• [DATA RECORDS]:
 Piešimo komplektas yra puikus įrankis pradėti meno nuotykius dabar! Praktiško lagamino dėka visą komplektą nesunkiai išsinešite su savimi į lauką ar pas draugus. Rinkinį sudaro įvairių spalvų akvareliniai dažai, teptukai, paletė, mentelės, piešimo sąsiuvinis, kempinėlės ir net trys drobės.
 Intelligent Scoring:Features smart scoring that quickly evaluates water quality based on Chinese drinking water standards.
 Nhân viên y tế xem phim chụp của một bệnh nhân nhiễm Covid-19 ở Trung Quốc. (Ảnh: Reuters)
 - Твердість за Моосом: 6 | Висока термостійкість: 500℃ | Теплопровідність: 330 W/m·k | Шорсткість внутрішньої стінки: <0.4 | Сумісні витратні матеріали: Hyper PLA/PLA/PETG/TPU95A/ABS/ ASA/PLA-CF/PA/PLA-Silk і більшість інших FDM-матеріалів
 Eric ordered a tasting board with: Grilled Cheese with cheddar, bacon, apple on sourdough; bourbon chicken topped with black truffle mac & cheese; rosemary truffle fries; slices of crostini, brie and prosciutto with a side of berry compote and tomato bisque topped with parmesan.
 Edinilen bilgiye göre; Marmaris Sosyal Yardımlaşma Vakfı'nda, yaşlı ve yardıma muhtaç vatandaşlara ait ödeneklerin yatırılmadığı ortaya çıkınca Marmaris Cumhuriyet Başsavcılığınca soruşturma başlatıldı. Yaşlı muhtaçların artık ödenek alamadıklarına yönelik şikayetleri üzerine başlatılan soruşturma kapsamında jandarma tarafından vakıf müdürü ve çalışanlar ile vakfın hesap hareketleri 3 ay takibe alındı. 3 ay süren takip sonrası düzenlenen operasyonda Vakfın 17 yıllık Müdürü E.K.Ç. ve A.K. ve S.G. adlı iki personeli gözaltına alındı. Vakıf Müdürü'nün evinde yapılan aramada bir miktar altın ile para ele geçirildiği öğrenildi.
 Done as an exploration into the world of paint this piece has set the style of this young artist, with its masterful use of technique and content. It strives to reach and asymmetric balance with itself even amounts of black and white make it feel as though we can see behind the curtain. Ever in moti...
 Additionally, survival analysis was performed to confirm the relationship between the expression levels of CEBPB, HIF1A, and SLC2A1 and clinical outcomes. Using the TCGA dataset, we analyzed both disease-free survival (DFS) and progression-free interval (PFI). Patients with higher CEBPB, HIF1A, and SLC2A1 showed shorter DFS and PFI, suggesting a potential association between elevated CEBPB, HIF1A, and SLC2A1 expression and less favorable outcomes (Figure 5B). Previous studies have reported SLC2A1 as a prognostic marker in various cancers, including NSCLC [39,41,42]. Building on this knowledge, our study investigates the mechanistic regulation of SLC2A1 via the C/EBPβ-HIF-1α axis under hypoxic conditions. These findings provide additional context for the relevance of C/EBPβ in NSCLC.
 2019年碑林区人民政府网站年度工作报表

• [INSTRUCTIONS TO FOLLOW]:
Starting with the line that holds "- Твердість за" and ending with the line that holds "Eric ordered a", retype every line in the data above exactly, and nothing else.

• [EXERCISE OUTPUT]:
 - Твердість за Моосом: 6 | Висока термостійкість: 500℃ | Теплопровідність: 330 W/m·k | Шорсткість внутрішньої стінки: <0.4 | Сумісні витратні матеріали: Hyper PLA/PLA/PETG/TPU95A/ABS/ ASA/PLA-CF/PA/PLA-Silk і більшість інших FDM-матеріалів
 Eric ordered a tasting board with: Grilled Cheese with cheddar, bacon, apple on sourdough; bourbon chicken topped with black truffle mac & cheese; rosemary truffle fries; slices of crostini, brie and prosciutto with a side of berry compote and tomato bisque topped with parmesan.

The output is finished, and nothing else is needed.